Would you retype the listing word for word, skipping its pictures?

INFORMATION SUPPLIED below:

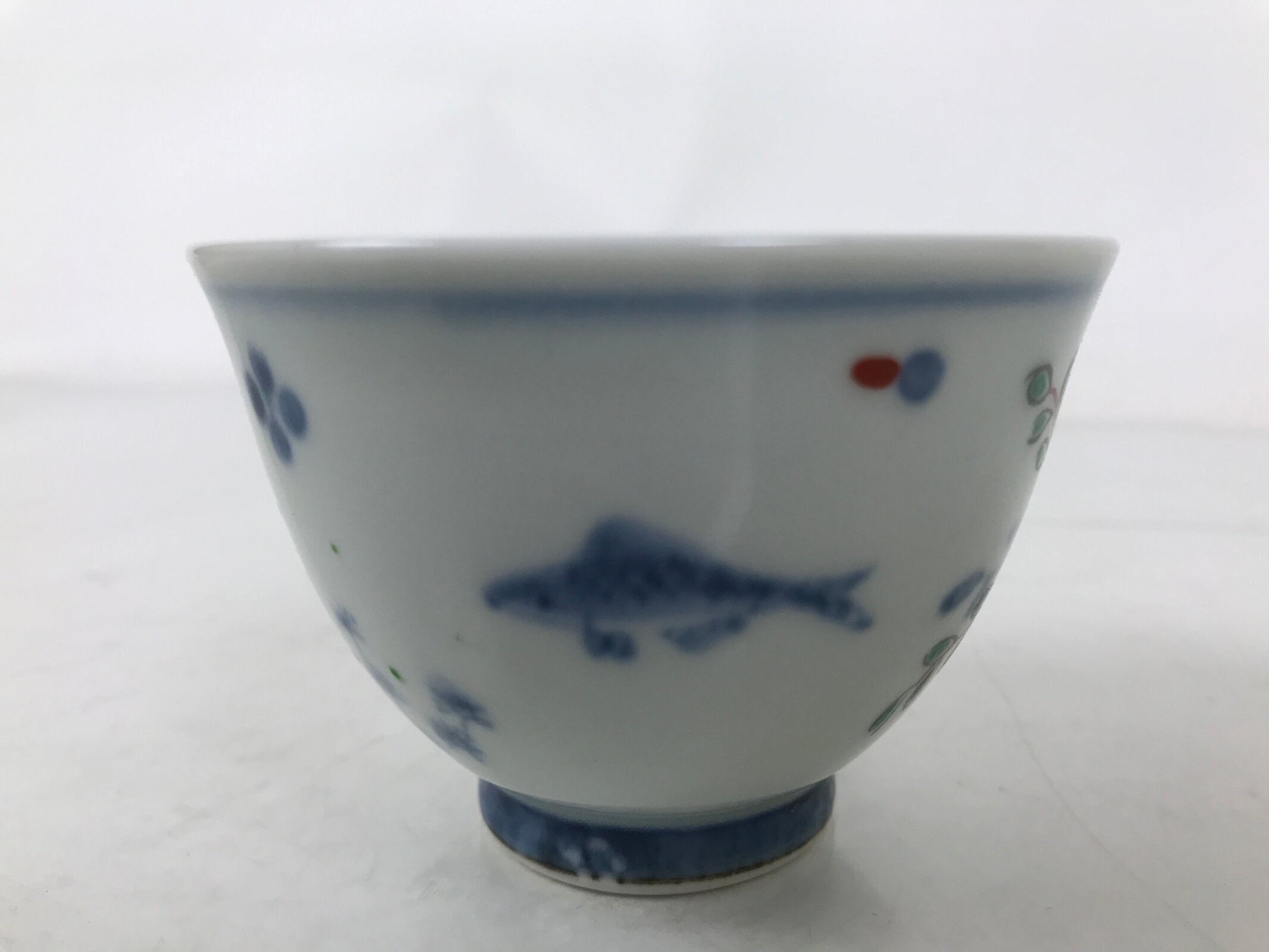Japanese Porcelain Yunomi Teacup Pottery Vtg White Blue Hishi Fish Sencha TC589
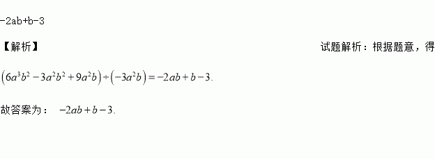 与单项式-3a2b的积是6a3b2-3a2b2+9a2b的多项式是_________.
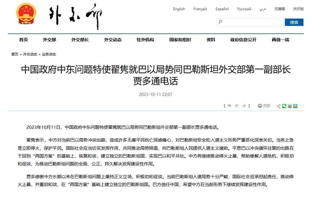 香港新聞網10月12日電 據中國外交部網站消息,10月11日,中國政府中東問題特使翟雋就巴以局勢同巴勒斯坦外交部第一副部長賈多通電話。

End of INFORMATION SUPPLIED.

RESPONSE TO THE TASK:
Japanese Porcelain Yunomi Teacup Pottery Vtg White Blue Hishi Fish Sencha TC589
 与单项式-3a2b的积是6a3b2-3a2b2+9a2b的多项式是_________.
 香港新聞網10月12日電 據中國外交部網站消息,10月11日,中國政府中東問題特使翟雋就巴以局勢同巴勒斯坦外交部第一副部長賈多通電話。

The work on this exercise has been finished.